Australian companies and directors need to be alert to the potential risks associated with a new law that allows US regulators to pursue foreign securities fraud involving non-US investors
Despite a recent decision in the US Supreme Court to bar Australian shareholders from launching a class action against the National Australia Bank in the plaintiff-friendly US courts, Australian directors are still exposed to the long arm of US law following President Obama’s recent signing into law the high profile Dodd-Frank Act.
The case of Morrison v National Australia Bank, in which the US Supreme Court ruled that US securities fraud laws applied only to shares bought or sold in the US or to securities listed on an American stock exchange, significantly limited the types of securities lawsuits that could be brought in the US, by non-US investors and US regulators, against companies not listed on an American exchange.
Yet barely a month later, the Dodd-Frank Wall Street Reform and Consumer Protection Act was enacted, partially overturning the Morrison case and restoring the powers of the Securities Exchange Commission (SEC) and US Department of Justice to pursue foreign securities fraud involving non-US investors, so long as some conduct relating to the violation occurred within or impacted on the US.
Australian directors should take note of the aggressive stance of US lawmakers and not become complacent about their US exposures, according to Kemsley Brennan, special counsel in the insurance group of law firm Colin Biggers & Paisley.
“The long arm of the US law is alive and well and still reaching into our backyard,” he said.
“There was much initial excitement that the Morrison decision had brought an end to so-called ‘foreign-cubed’ lawsuits which have caused Australian companies and their directors much anxiety over the attempts of US regulators and courts to impose US law beyond its borders.
“But that excitement has quickly disappeared with the US regulators wasting no time in clawing back their powers.”
While the Dodd-Frank Act did not undo the prohibition on foreign private investors hauling foreign companies into the US courts, Brennan said that it is possible that this too could be a short-lived reprieve for Australian directors.
“Under Dodd-Frank, the SEC has been directed to report back to Congress in 18 months on the pros and cons of reviving a private right of action, so it may all be up for grabs again in the near future,” he noted.
Regardless of how the Dodd-Frank reforms concerning private investor lawsuits panned out, Brennan said that Australian directors needed to be mindful that their exposures in the here and now remained significant.
“At present, Australian companies and directors can still be sued by non-US investors if their companies are listed in the US. Importantly, there are many Australian companies which have raised capital in the US markets through issuing American Depositary Receipts and these will continue to attract exposure,” he explained.
“Coupled with the reinstated powers of the SEC and Department of Justice, the upshot is that these types of claims will continue to grow and US securities class actions will remain a threat for Australian companies so long as they have a relevant US connection.”
On top of this, Brennan observed that Australian companies and directors also needed to be alert to broader US litigation risks driven by US regulators and plaintiff class action lawyers pursuing violations of US anti-trust, product liability or employment laws.

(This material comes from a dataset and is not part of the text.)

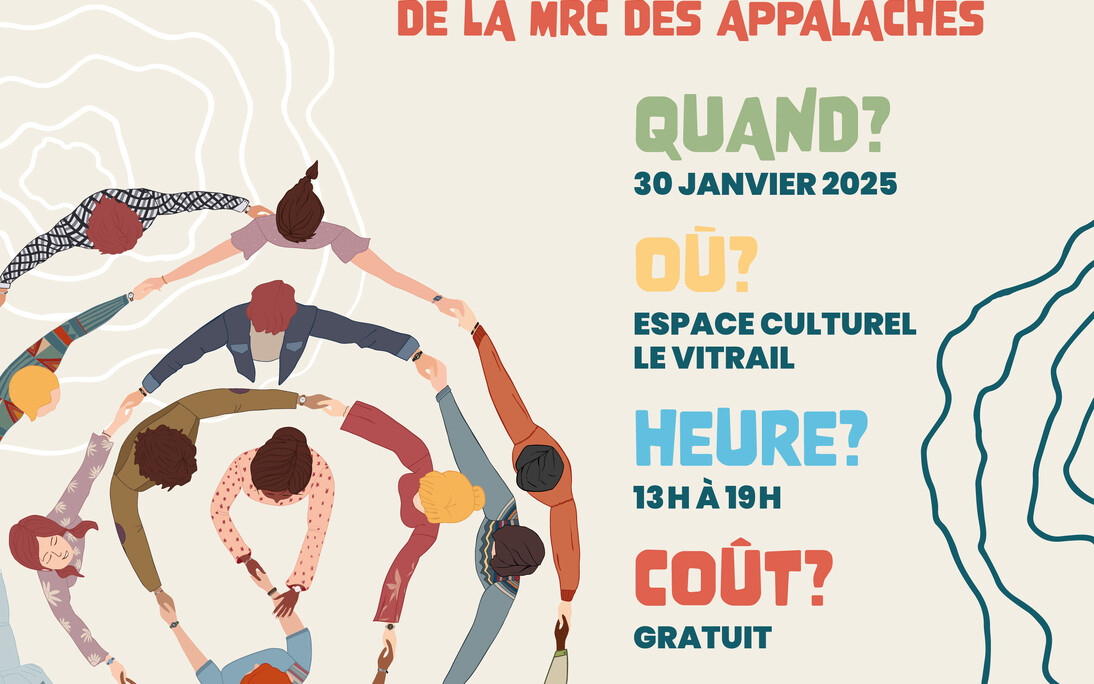 « Au cours de ce salon, différents thèmes seront abordés dans le but de donner de l'information cruciale comme par exemple, les changements de saisons, la recherche d'emploi ou encore sur notre système d'éducation », mentionne Véronique St-Gelais, chargée de projet à l'immigration de la MRC es Appalaches. Cet événement a été rendu possible avec le soutien financier du ministère de l'Immigration, de la Francisation et de l'Intégration dans le cadre du Programme d'appui aux collectivités.

In 40 per cent of all US class actions, he said that directors of non-US companies are the directors most frequently joined to class action proceedings after CEOs and CFOs.
“Australian companies operating in the US need to be mindful of these personal risks and ensure their directors and officers insurance arrangements properly protect them from potentially astronomical legal costs.”
No country comes close to the US in terms of the volume and costs of litigation, or the level of settlements and court-awarded compensation, said Brennan. US class action defense costs can start at US$3 million ($3.2 million) and exceed US$10 million prior to cases reaching hearing. And where damages are concerned, the average settlement is US$12 million, with many cases exceeding that figure, Brennan said.